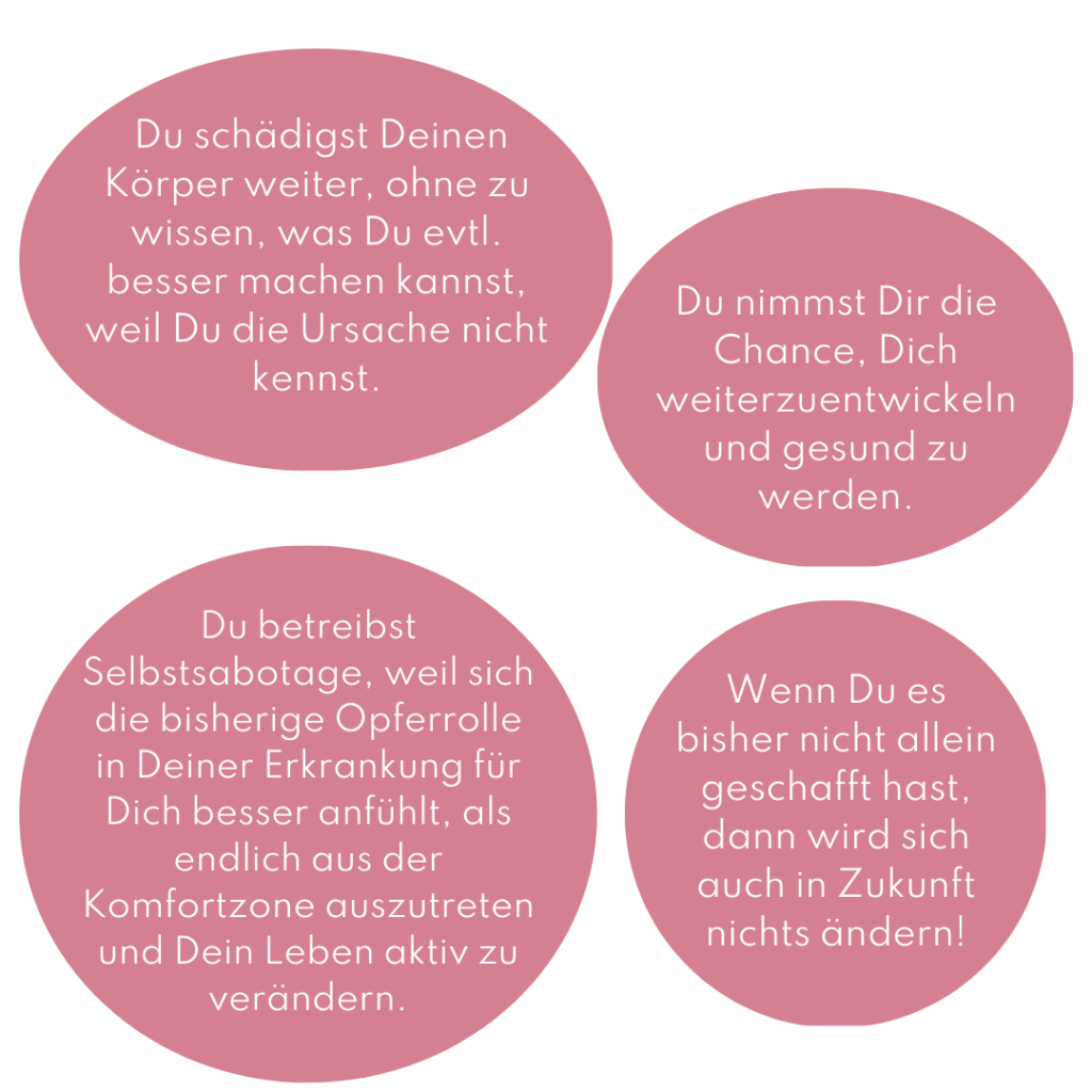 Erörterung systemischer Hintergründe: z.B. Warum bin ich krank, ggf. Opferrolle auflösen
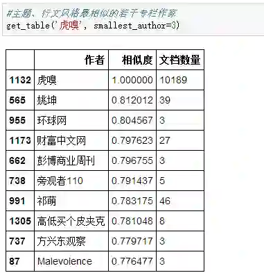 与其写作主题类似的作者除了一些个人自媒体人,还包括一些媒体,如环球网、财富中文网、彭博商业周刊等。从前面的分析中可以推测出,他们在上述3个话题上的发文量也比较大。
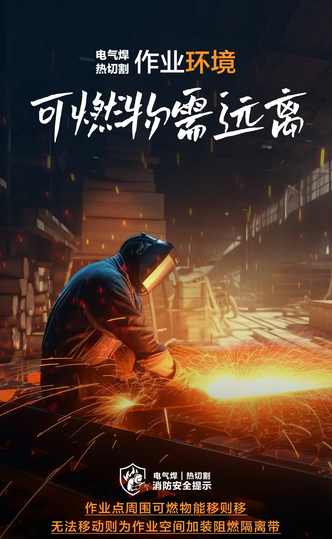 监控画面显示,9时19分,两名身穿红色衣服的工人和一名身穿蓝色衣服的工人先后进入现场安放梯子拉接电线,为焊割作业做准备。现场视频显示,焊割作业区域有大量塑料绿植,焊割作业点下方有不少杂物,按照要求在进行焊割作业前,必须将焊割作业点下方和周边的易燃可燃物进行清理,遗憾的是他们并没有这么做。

----

● **Work item**:
With pictures omitted, copy exactly the lines from the one containing "与其写作主题类似的作者除了一" through the final line of the listing, both included.

● **Solution to this task**:
 与其写作主题类似的作者除了一些个人自媒体人,还包括一些媒体,如环球网、财富中文网、彭博商业周刊等。从前面的分析中可以推测出,他们在上述3个话题上的发文量也比较大。
 监控画面显示,9时19分,两名身穿红色衣服的工人和一名身穿蓝色衣服的工人先后进入现场安放梯子拉接电线,为焊割作业做准备。现场视频显示,焊割作业区域有大量塑料绿植,焊割作业点下方有不少杂物,按照要求在进行焊割作业前,必须将焊割作业点下方和周边的易燃可燃物进行清理,遗憾的是他们并没有这么做。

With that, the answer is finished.